Researchers target urine-powered robot
Urine could move from being a waste product to become a useful fuel, if researchers in Bristol get their way.
The team at Bristol Robotics Lab (BRL) is investigating the use of urine within Microbial Fuel Cells (MFCs), which use bacterial cultures to break down organic material to create power. MFCs are a developing technology used to power autonomous robots.
Researchers at BRL, which is a collaboration between the University of Bristol and the University of the West of England (UWE), have spent three and a half years developing a wastewater-powered robot with an artificial stomach, thanks to EU and EPSRC funding.
Now, BRL’s Dr Ioannis Ieropoulos has been awarded an EPSRC Career Acceleration Fellowship Grant worth £564,561 for a four-year project, which will take this work further. Together with a new team of researchers, he will work on scaling up the MFCs so that they can work together in a ‘stack’ – a series of cells connected both electrically and in terms of the liquid feed-lines under a continuous flow system.
A unique aspect of their research will be to look at the use of urine as a waste material that could be used to power the MFCs.
“We have focused on finding the best waste materials that create the most energy. Over the years we have fed our MFCs with rotten fruit, grass clippings, prawn shells and dead flies in an attempt to investigate different waste materials to use as a ‘food source’ for the MFCs,” explained Dr Ieropoulos.

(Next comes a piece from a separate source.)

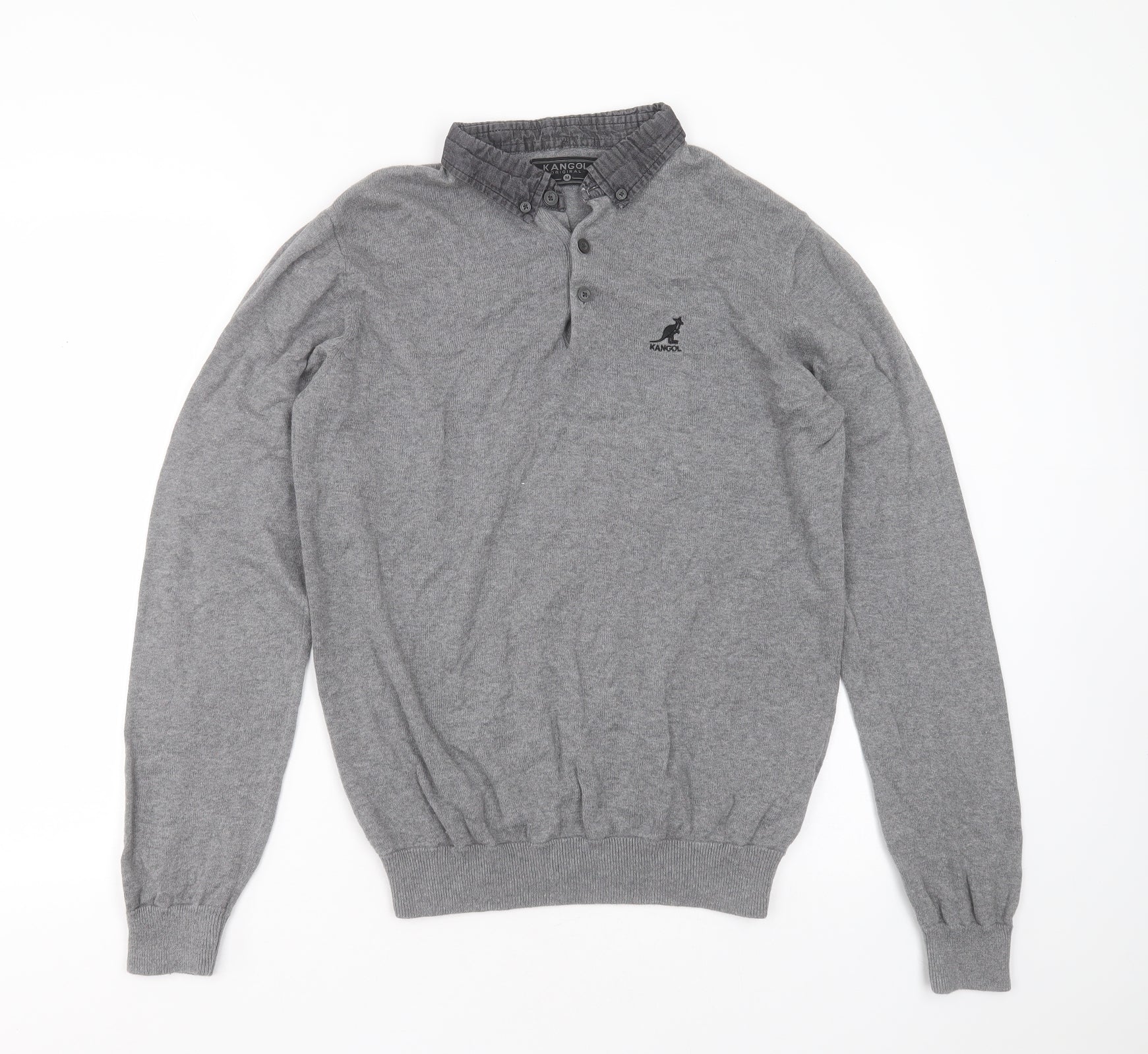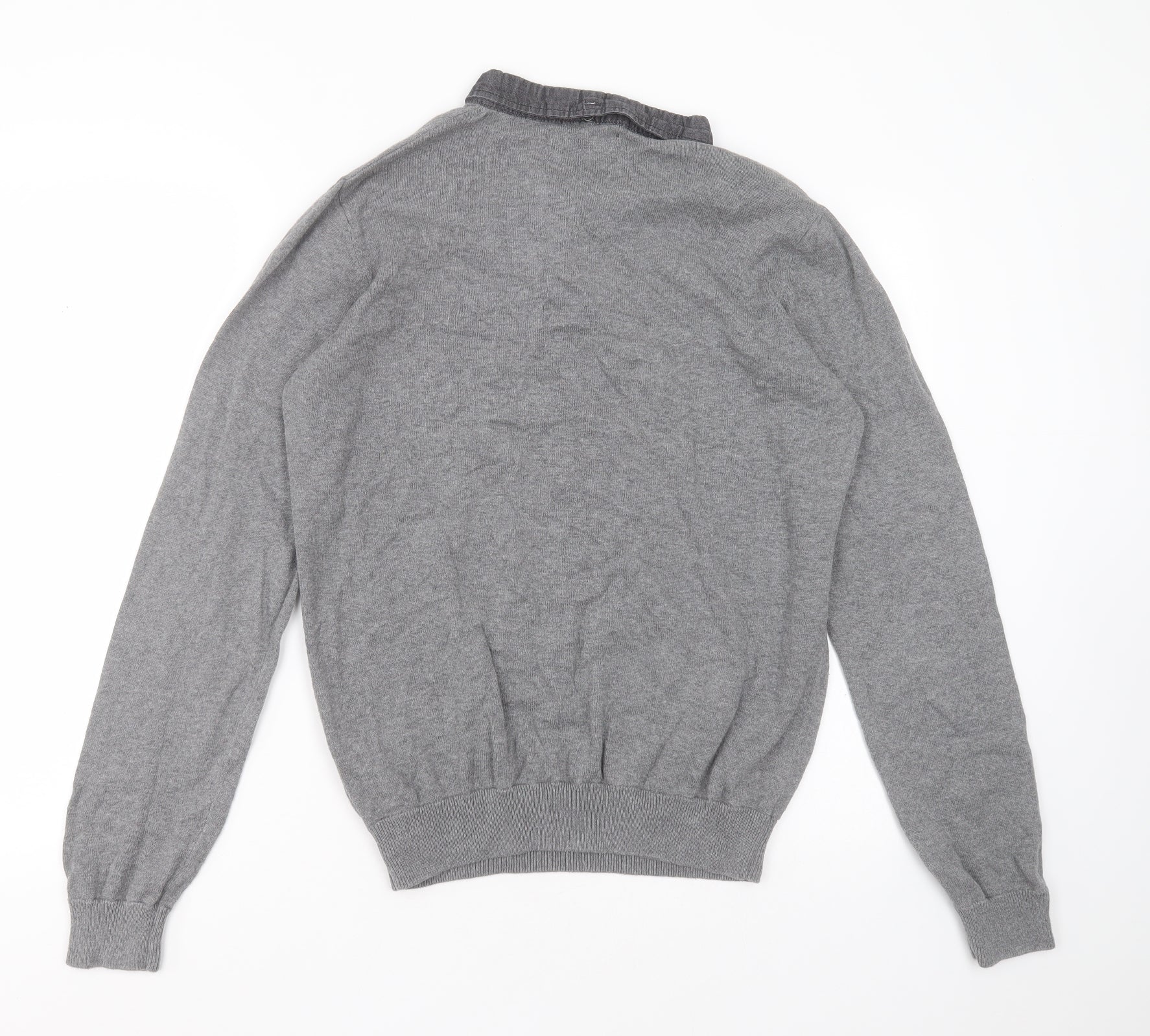 Mens Grey Collared Cotton Pullover Jumper Size M

“Urine is chemically very active, rich in nitrogen and has compounds such as urea, chloride, potassium and bilirubin, which make it very good for the MFCs. We have already done preliminary tests which show it being a waste material that is very effective. Although it is early days for this research, we hope to work towards producing a prototype portable urinal which would use urine to create power from fuel cells - this could be used for example at music festivals and other outdoor events.”
The researchers are already in touch with waterless urinal company Ecoprod Technique, which has seen the potential of the technology. “We have talked to the researchers who say this product is the only type totally suited to complement this research,” said Ecoprod’s Marcus Rose. “We are looking forward to helping with this unique project with the supply of Urimat – The Waterless Urinal, which the research team have chosen. This will be a valuable and interesting collaboration for the company to be involved in.”
A further aspect of the EPSRC-funded project is to develop the cathode side of the MFC so that the whole cell becomes self sustaining. Each MFC has an anode and a cathode, which together complete the system to create power. Commonly bacteria are in the anode side, and chemicals or oxygen are in the cathode side. Replacing chemicals in the cathode with oxygen-producing organisms such as algae would move the MFC towards being a self-sustaining system – the waste from the algae could be used to feed the bacteria in the anode side, i.e. using its own waste to produce energy.
Dr Ieropoulos said: “Advances in this area could provide a significant contribution to the challenges we currently face in terms of energy production and waste clean up. We hope this research will help change the way we think about energy and human waste.”